_Dataset excerpts_
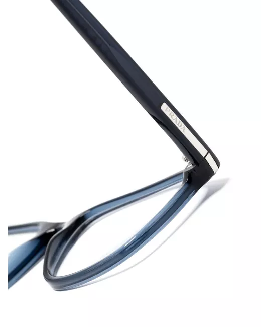 blue acetate rectangle frame clear lenses translucent design logo-engraved arm straight arms curved tips All glasses from FARFETCH are sold as non-prescription frames. These glasses come with a protective case.
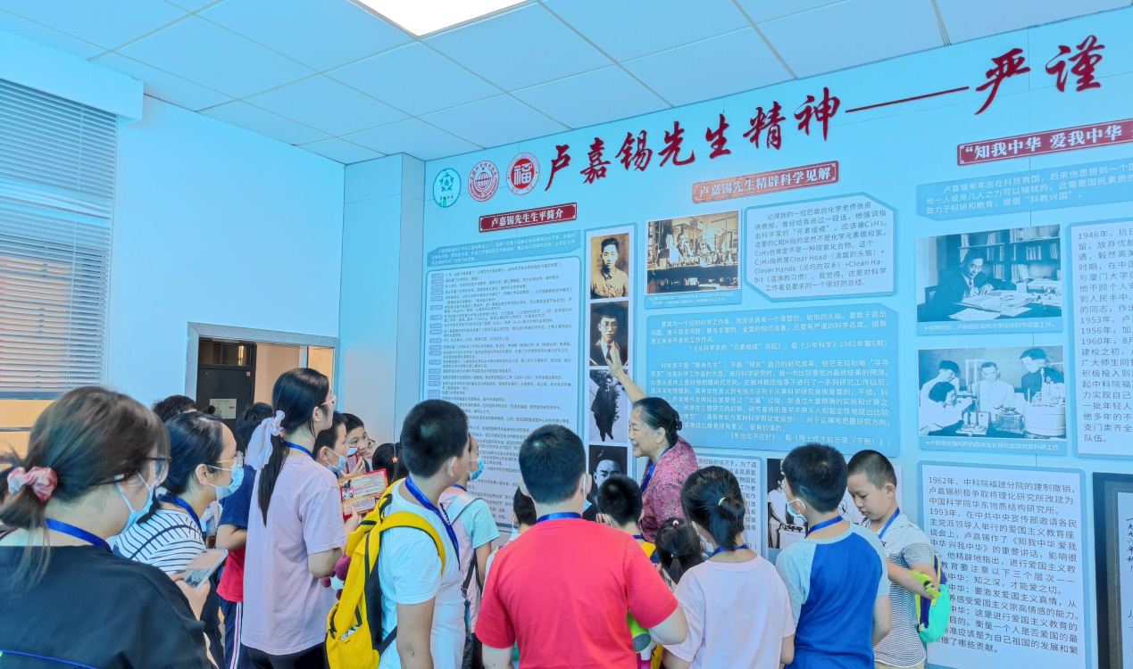 随后,卢嘉锡基金会副理事长卢葛覃女士带领小朋友们参观卢嘉锡精神宣传教育基地。卢女士用讲故事的方式,生动活泼的讲述了卢嘉锡先生的童年趣事,鼓励同学们要善于思考,大胆提出自己的观点,同时展示了卢嘉锡先生工整的实验记录手稿,向孩子们介绍了卢嘉锡先生总结的科研工作者的C3H3品质,即Clear Head(清醒的头脑),Clever Hands(灵巧的双手) 以及Clean Habbit(洁净的习惯)。
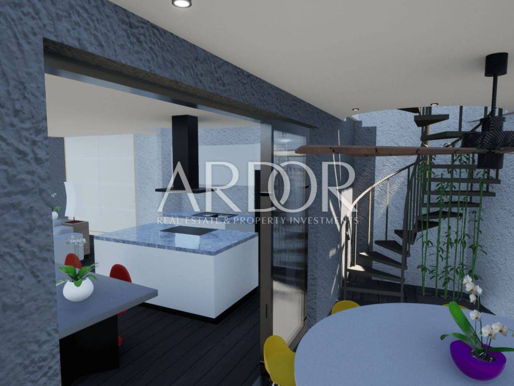 Rijeka – Luxuswohnung im zweiten Stock eines Neubaus mit 98,37 m2 Wohnfläche und einer überdachten Terrasse mit beheiztem Swimmingpool von 65,15 m2 und einer beeindruckenden Dachterrasse von 79,96 m2 mit einem unvergesslichen Blick auf die gesamte Kvarner Bucht.
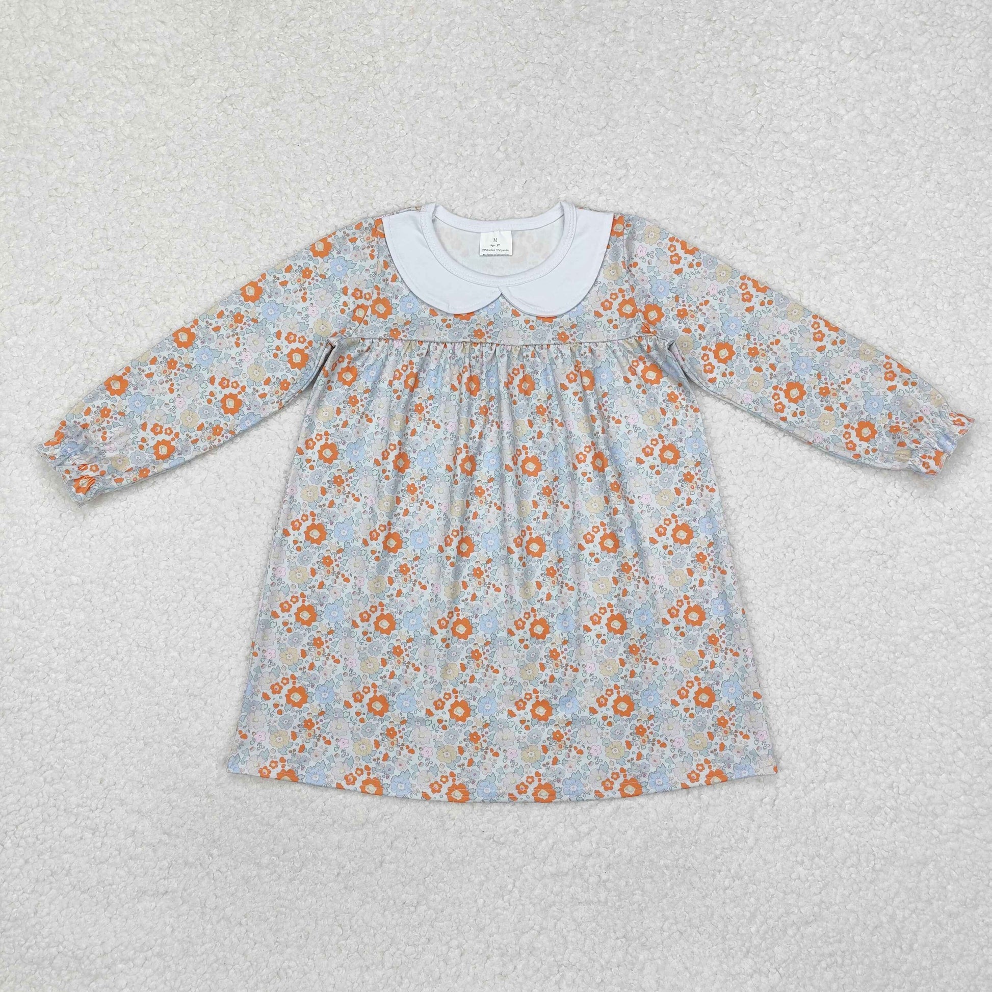 GLD0885 Pink light blue floral long sleeves kids girls dresses
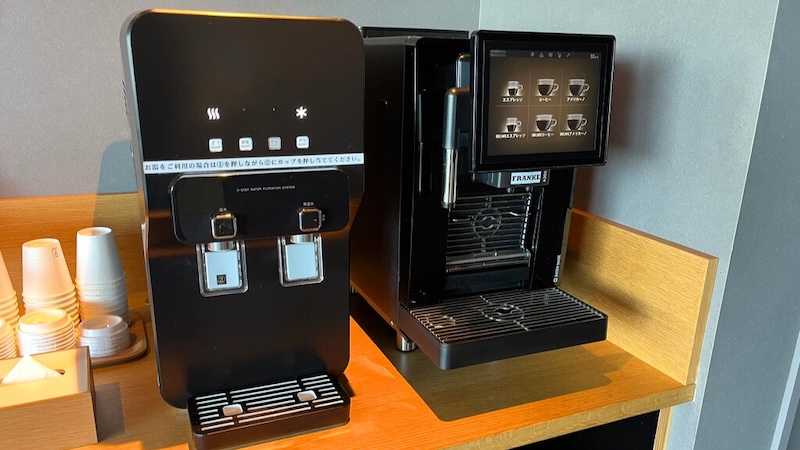 こちらにはコーヒーなどの飲み物が用意されており、宿泊中は自由にいただくことができます。
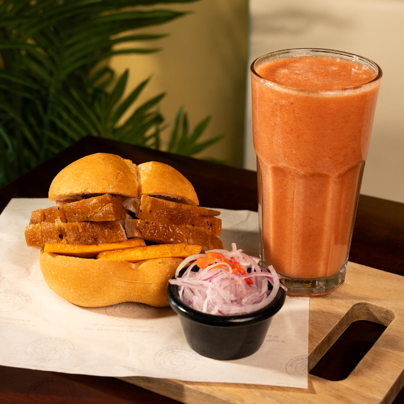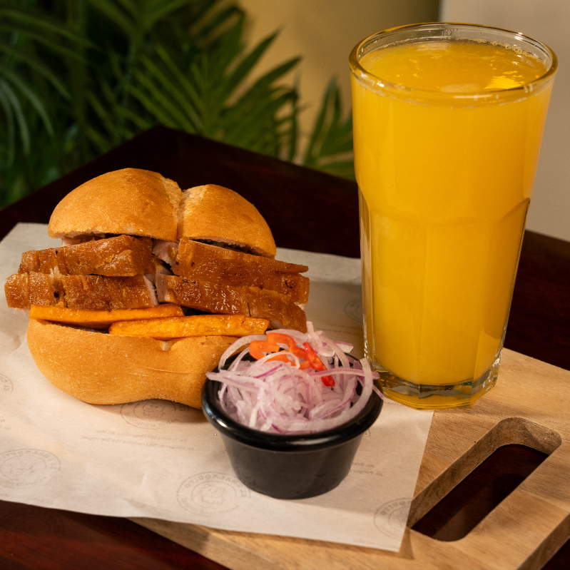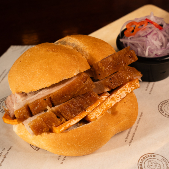 1 kilogramo de delicioso chicharrón casero, acompañado de camote frito y sarsa criolla. Un clásico!
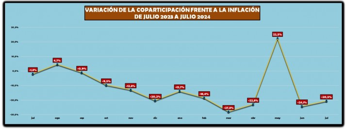 La Coparticipación neta, que es el rubro que concentra la amplia mayoría, varió negativamente un 21% en julio y fue muy significativa la caída del reparto en la recaudación del IVA que se contrajo el 11,8%. También se contrajo notoriamente la distribución de los Bienes Personales, con una retracción interanual del 90,4%.
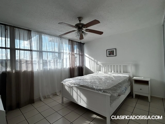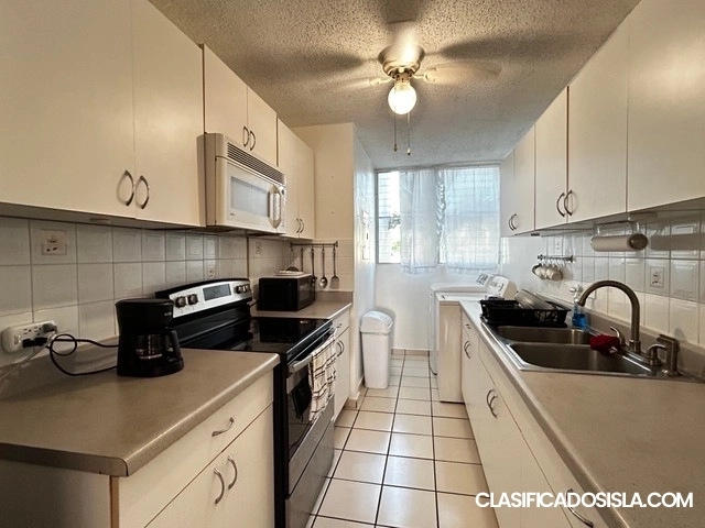 Apartamento en segundo nivel, cuenta con 3 habitaciones, 2 baños y 2 estacionamientos.Incluye enseres eléctricos: estufa, microondas, nevera, lavadora, secadora, aires acondicionados y abanicos de techo.El apartamento puede rentarse amueblado si el inquilino así lo desea; incluye mueble de sala, mesa de comedor y dos camas con sus matress. (Si no se necesitan, se remueven antes de la ocupación). La comunidad ofrece cancha de baloncesto, cancha de tenis, piscina y estacionamiento para visitantes....
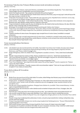 11:10 diberkatilah Kerajaan yang datang, Kerajaan bapak kita Daud, hosana di tempat yang maha tinggi!"
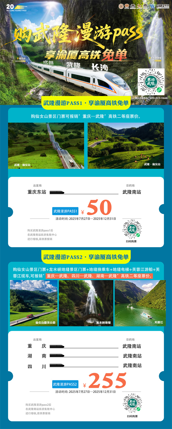 武隆为家庭游客精心设计多款优惠通行证,让陪伴父母出游更加轻松:

_Aim of the task_
Word for word and without pictures, please write out only the lines from the start of the entries through the line containing "1 kilogramo de", both included.

_Solution below_
 blue acetate rectangle frame clear lenses translucent design logo-engraved arm straight arms curved tips All glasses from FARFETCH are sold as non-prescription frames. These glasses come with a protective case.
 随后,卢嘉锡基金会副理事长卢葛覃女士带领小朋友们参观卢嘉锡精神宣传教育基地。卢女士用讲故事的方式,生动活泼的讲述了卢嘉锡先生的童年趣事,鼓励同学们要善于思考,大胆提出自己的观点,同时展示了卢嘉锡先生工整的实验记录手稿,向孩子们介绍了卢嘉锡先生总结的科研工作者的C3H3品质,即Clear Head(清醒的头脑),Clever Hands(灵巧的双手) 以及Clean Habbit(洁净的习惯)。
 Rijeka – Luxuswohnung im zweiten Stock eines Neubaus mit 98,37 m2 Wohnfläche und einer überdachten Terrasse mit beheiztem Swimmingpool von 65,15 m2 und einer beeindruckenden Dachterrasse von 79,96 m2 mit einem unvergesslichen Blick auf die gesamte Kvarner Bucht.
 GLD0885 Pink light blue floral long sleeves kids girls dresses
 こちらにはコーヒーなどの飲み物が用意されており、宿泊中は自由にいただくことができます。
 1 kilogramo de delicioso chicharrón casero, acompañado de camote frito y sarsa criolla. Un clásico!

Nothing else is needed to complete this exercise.